Carol Arachne Hollfelder
via newmobility.com

No Need to Look Back
I just wanted to share that I am 23-plus years post-injury and rarely think about the day or [anniversary] date. I certainly don’t mark the occasion with any type of remembrance. My accident happened, I moved on with my life and have little need to look back at the event that changed the course of my future. Maybe I could look at it similarly to how I look at schools; I don’t take time or think about graduating from high school or college.
James Jones
Richmond, Texas

RV Freedom
I met my partner eight years ago. She is a quad and explained how she had seldom traveled [“Finding Athena,” August 2017]. It just took so much to pack supplies, a Hoyer lift, plus stopping to do her care every four hours. I got the idea of modifying an old RV while thinking up a “mobile care center.” I got a 10-year-old unit and stripped the interior out. The price of a lift was more than what I paid for the RV, so I designed and built my own. I also designed and built a track lift that runs the length of the RV and installed two hospital beds that can lock together or slide apart to do care. We lived in it for three years (not easy in Vermont with minus 30-degree temperatures) while we built an accessible house. You can see pictures of the project at mcsele.shutterfly.com/2299. We use the RV all the time — sometimes just for a day trip, sometimes for a month at a time. It has truly given my partner and me tremendous freedom.
Michael Csele
via newmobility.com

The Only Way to Travel
I have an SCI as a result of a transverse myelitis attack 12 years ago. I too, need a power chair. Our requirements for an RV were similar [“Finding Athena”]. Long story short, my husband and I worked out the bugs, refined our requirements, then bought a 2015 Newmar Ventana built to our specs. We love it. We haven’t gone all that far afield, but it is the only way we would be able to travel.
Mary Dodson Knight
via newmobility.com

Physical Therapy and Shoulders
The author’s experience [“Shoulder of Fortune,” August 2017] was as bad as I feared it would be. Last year I was really panicked because I thought I’d be going through the same surgery. I was even looking at shoulder replacement, as the recovery is supposed to be easier.
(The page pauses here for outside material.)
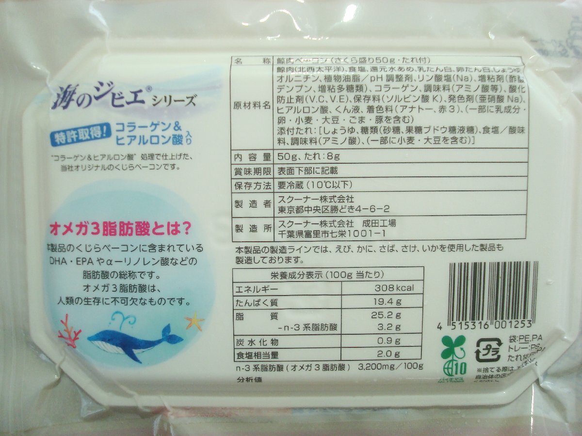♪原材料 ナガス鯨肉(北西太平洋、南氷洋)、還元水飴、食塩、植物油脂、卵たん白、乳たん白、リン酸塩(Na)、増粘多糖類、コラーゲン、Ph調整剤、甘味料(ソルビトール、アラビノース)、調味料(アミノ酸等)、酸化防止剤(V.C、V.E)発色剤(亜硝酸Na)、ヒアルロン酸、くん液、着色料(赤102) (添付タレ)[醤油(本醸造)、糖類(砂糖、果糖ブドウ糖液糖)、食塩、酸味料、調味料(アミノ酸等)、原材料の一部に小麦、大豆を含む)] 製造者:スクーナー株式会社 東京都中央区勝どき2-18-1

But my doctor said surgery would be the last resort, and he sent me to physical therapy. He said I had bursitis and gave me a shot of steroids as well. I wasn’t the most diligent exerciser, but one day about five months later, I realized I was doing things (almost) pain-free! Both shoulders will flare up if I do too much, and I’m restricting my activities a bit to prevent that. But I’m now a firm believer in PT first. With a big tear, it may not help as much, but someone might be able to manage living with a smaller tear if the muscles surrounding it are strengthened.
Kathy M. Stice
via newmobility.com

Funding for Accessible Mods
I live in Massachusetts and they have a program called The Home Modification Loan Program [“Paying for Home Access Modifications,” August 2017]. You don’t have to be low income, you can get a loan for work needed, and it doesn’t have to be paid back until you sell your house.
Kerry Trementozzi
via newmobility.com

Service Dog Training for Public
In Denver we have Domino Service Dogs, a nonprofit organization that puts you and your dog through a two-year training program [“Rescue Dog,” Outdoor Tracks, August 2017]. First thing is public behavior. We ride buses, light rail, go to restaurants, grocery stores, even the slide on a children’s playground in case your dog ever has to do an emergency evacuation from an airplane. My Hershey picks up anything I ask her to, pushes door opener buttons and pulls the door closed when we leave our apartment. I trained her to do these things one step at a time, just as the article mentioned.